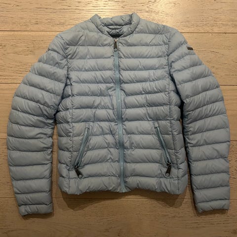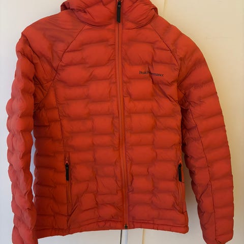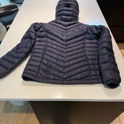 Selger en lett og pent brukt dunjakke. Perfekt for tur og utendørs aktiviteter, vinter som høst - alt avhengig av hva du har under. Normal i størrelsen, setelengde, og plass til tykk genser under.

^^^^^^^^

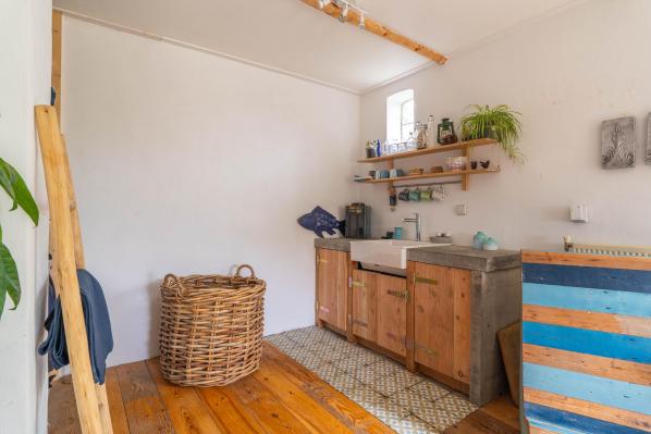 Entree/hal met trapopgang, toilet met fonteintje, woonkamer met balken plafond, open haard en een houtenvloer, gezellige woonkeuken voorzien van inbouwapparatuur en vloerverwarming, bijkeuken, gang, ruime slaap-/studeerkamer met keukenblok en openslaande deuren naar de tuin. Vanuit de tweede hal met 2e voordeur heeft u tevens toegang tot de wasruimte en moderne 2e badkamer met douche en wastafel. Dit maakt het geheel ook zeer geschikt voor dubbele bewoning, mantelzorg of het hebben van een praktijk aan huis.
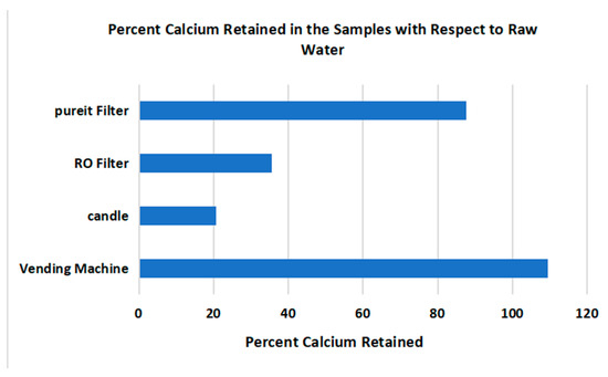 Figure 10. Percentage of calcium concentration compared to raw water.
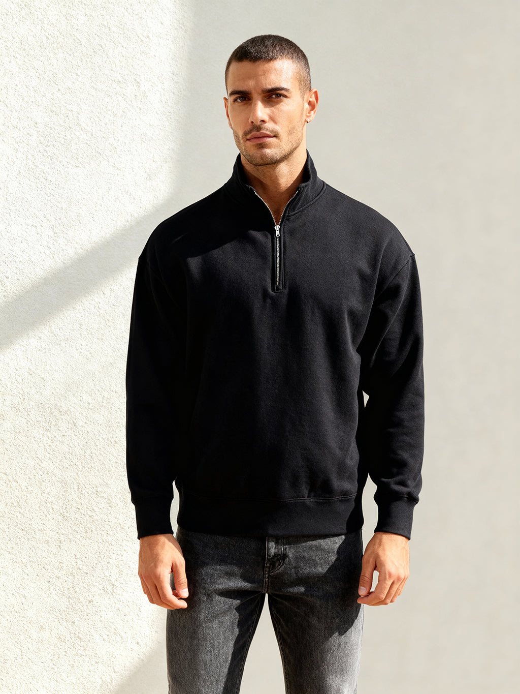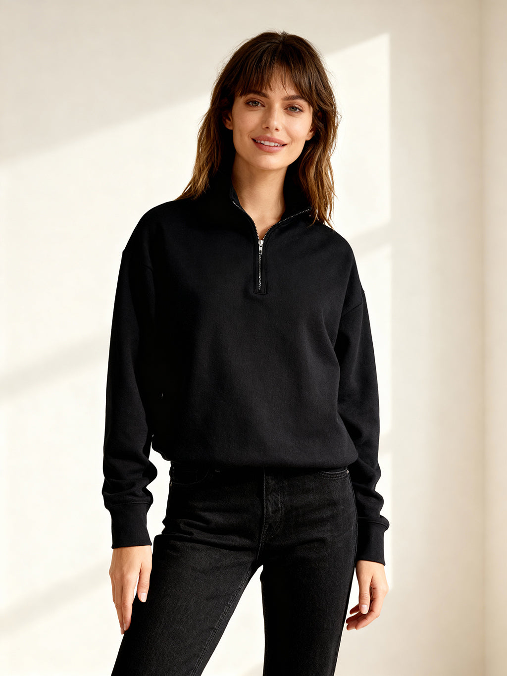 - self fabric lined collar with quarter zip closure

^^^^^^^^

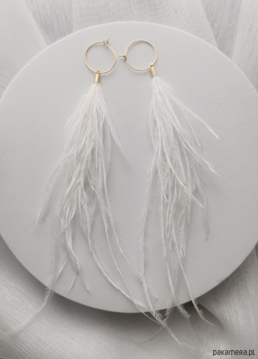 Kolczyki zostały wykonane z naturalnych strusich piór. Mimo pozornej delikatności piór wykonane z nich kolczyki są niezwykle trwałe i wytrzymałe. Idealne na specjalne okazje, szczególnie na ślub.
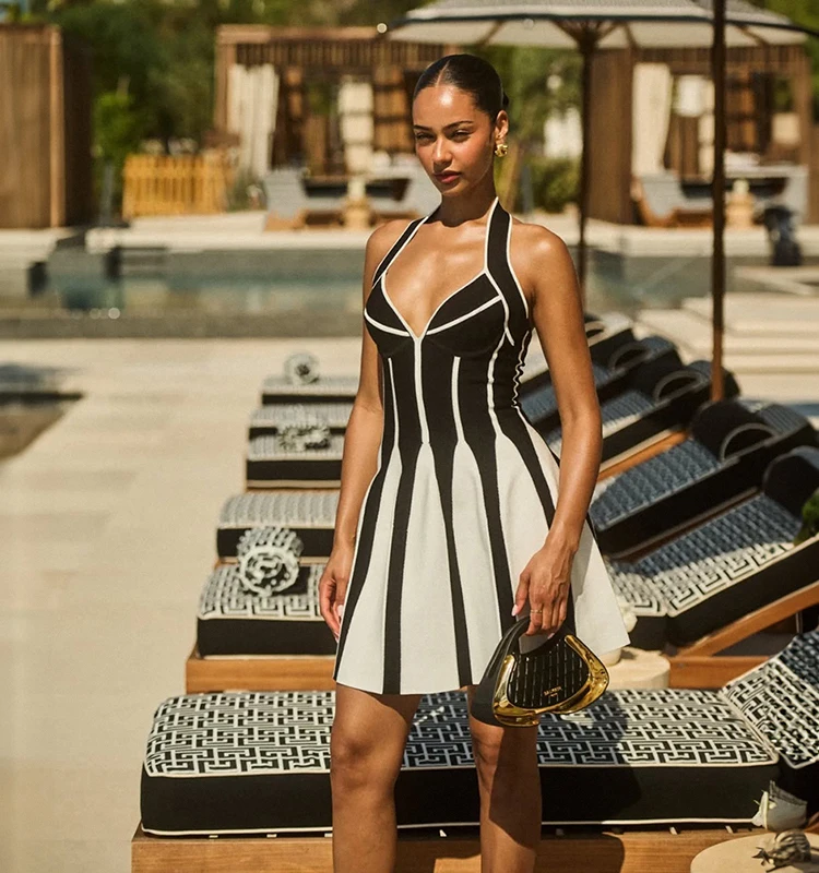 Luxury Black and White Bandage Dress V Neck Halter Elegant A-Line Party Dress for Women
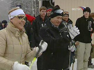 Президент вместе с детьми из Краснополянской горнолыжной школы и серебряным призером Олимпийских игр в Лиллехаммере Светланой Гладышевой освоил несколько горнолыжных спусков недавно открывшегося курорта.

^^^^^^^^

How to complete this task →
Among the records above, locate the line containing "Kolczyki zostały wykonane" and the line containing "Luxury Black and", then transcribe exactly the lines starting at the first and ending at the second, with no pictures.

Finished exercise →
 Kolczyki zostały wykonane z naturalnych strusich piór. Mimo pozornej delikatności piór wykonane z nich kolczyki są niezwykle trwałe i wytrzymałe. Idealne na specjalne okazje, szczególnie na ślub.
 Luxury Black and White Bandage Dress V Neck Halter Elegant A-Line Party Dress for Women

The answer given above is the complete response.